> [Task description]
The line with "Total Weight: 2.8g" marks the first line to copy, and the line with "التفصيل، الآتي (¬3)." marks the last. Transcribe that stretch of the data below exactly, without pictures.
===== Data section =====
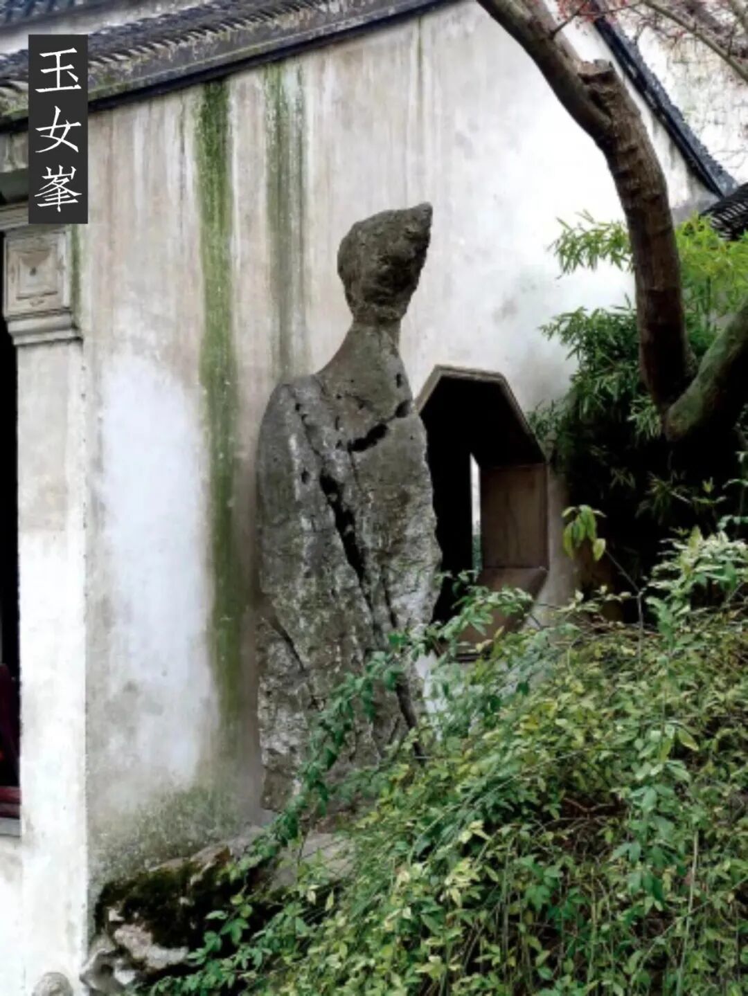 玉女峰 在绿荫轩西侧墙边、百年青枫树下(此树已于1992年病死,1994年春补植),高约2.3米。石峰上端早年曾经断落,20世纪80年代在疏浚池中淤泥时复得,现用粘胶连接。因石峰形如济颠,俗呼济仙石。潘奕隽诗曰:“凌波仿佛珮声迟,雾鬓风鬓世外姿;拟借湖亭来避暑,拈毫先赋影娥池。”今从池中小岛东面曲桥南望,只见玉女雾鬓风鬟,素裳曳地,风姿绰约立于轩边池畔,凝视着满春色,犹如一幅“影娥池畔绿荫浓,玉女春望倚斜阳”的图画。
=====
===== Data section =====
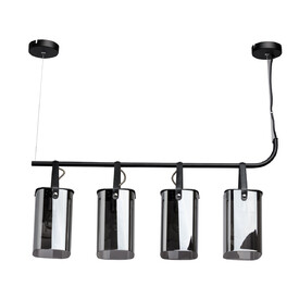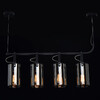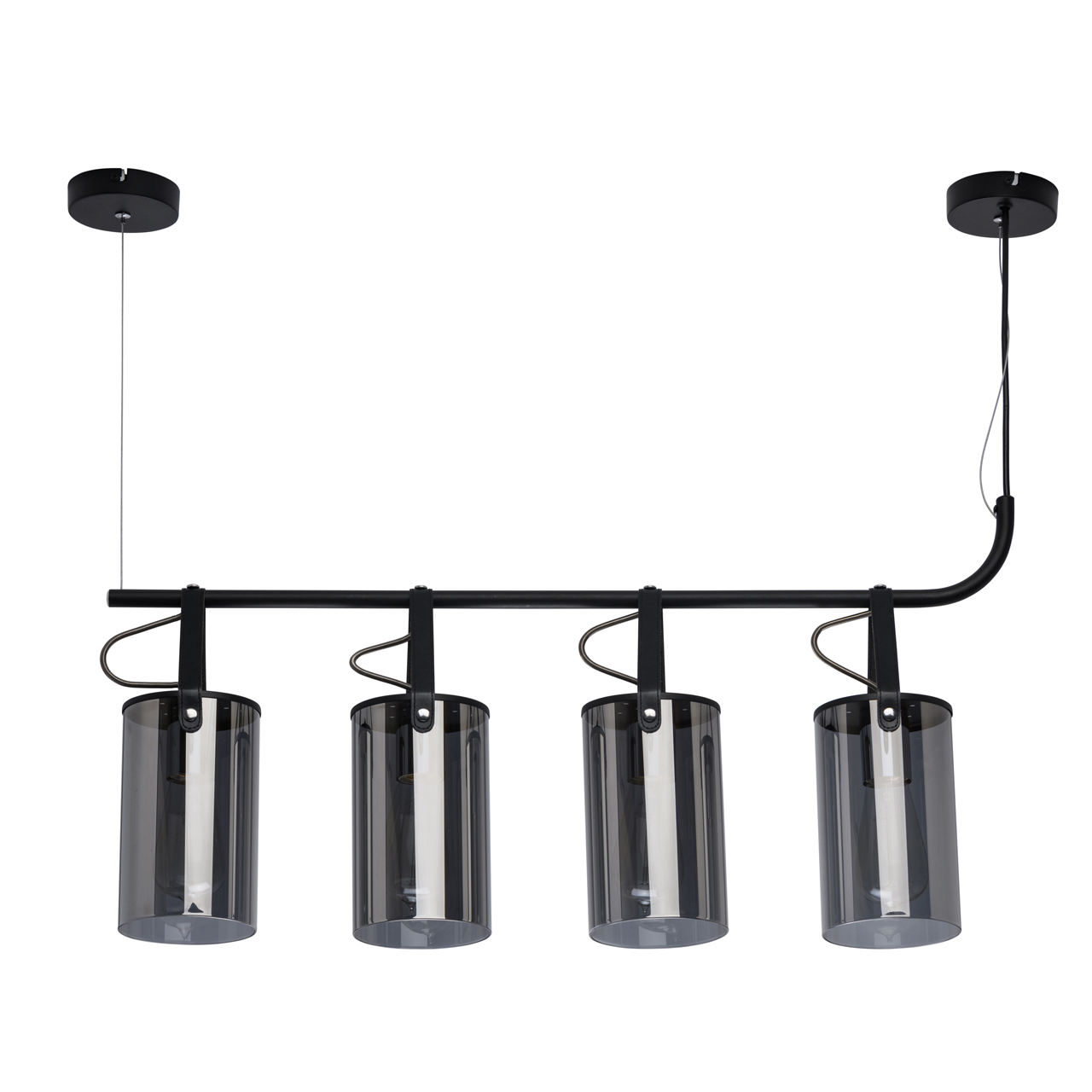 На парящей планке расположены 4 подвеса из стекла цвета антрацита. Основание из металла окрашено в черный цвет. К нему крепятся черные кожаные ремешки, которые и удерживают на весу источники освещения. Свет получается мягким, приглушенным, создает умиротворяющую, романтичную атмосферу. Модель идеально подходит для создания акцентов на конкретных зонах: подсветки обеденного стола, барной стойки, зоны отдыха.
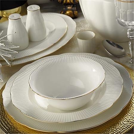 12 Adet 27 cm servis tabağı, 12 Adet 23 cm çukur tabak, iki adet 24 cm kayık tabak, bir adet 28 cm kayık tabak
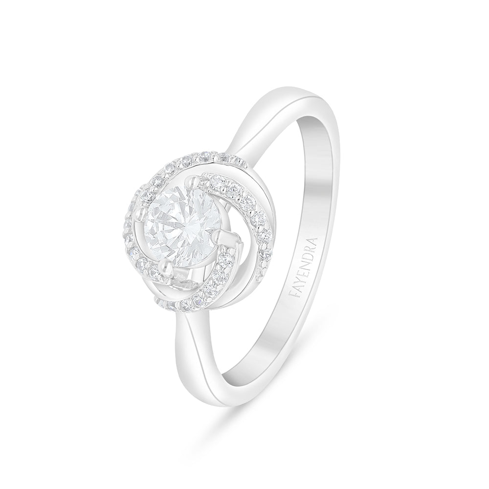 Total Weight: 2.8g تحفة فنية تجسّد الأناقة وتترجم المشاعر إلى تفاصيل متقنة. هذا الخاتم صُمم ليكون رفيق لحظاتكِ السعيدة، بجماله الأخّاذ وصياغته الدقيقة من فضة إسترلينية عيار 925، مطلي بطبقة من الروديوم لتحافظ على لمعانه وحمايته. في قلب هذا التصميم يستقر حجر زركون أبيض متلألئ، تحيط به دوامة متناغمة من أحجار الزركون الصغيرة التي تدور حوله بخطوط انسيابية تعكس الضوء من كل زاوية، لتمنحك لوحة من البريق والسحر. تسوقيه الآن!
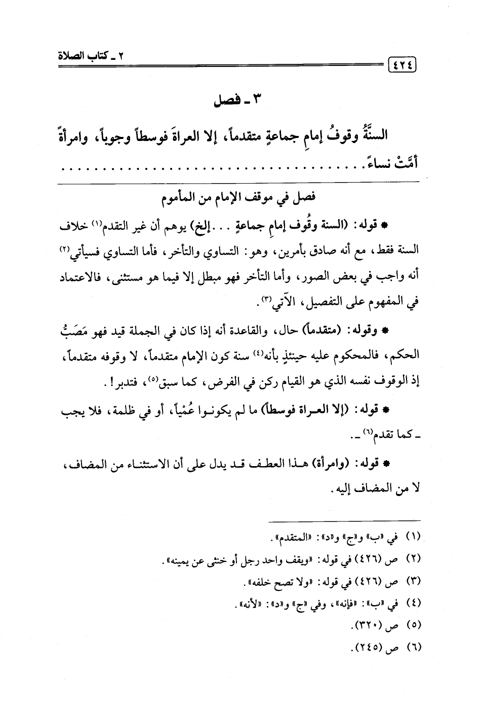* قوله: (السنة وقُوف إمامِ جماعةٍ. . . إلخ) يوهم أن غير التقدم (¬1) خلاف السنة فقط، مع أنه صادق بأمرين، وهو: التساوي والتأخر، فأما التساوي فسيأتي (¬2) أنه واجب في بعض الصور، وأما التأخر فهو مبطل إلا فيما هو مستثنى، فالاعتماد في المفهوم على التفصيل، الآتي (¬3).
=====
> [Response area]
 Total Weight: 2.8g تحفة فنية تجسّد الأناقة وتترجم المشاعر إلى تفاصيل متقنة. هذا الخاتم صُمم ليكون رفيق لحظاتكِ السعيدة، بجماله الأخّاذ وصياغته الدقيقة من فضة إسترلينية عيار 925، مطلي بطبقة من الروديوم لتحافظ على لمعانه وحمايته. في قلب هذا التصميم يستقر حجر زركون أبيض متلألئ، تحيط به دوامة متناغمة من أحجار الزركون الصغيرة التي تدور حوله بخطوط انسيابية تعكس الضوء من كل زاوية، لتمنحك لوحة من البريق والسحر. تسوقيه الآن!
* قوله: (السنة وقُوف إمامِ جماعةٍ. . . إلخ) يوهم أن غير التقدم (¬1) خلاف السنة فقط، مع أنه صادق بأمرين، وهو: التساوي والتأخر، فأما التساوي فسيأتي (¬2) أنه واجب في بعض الصور، وأما التأخر فهو مبطل إلا فيما هو مستثنى، فالاعتماد في المفهوم على التفصيل، الآتي (¬3).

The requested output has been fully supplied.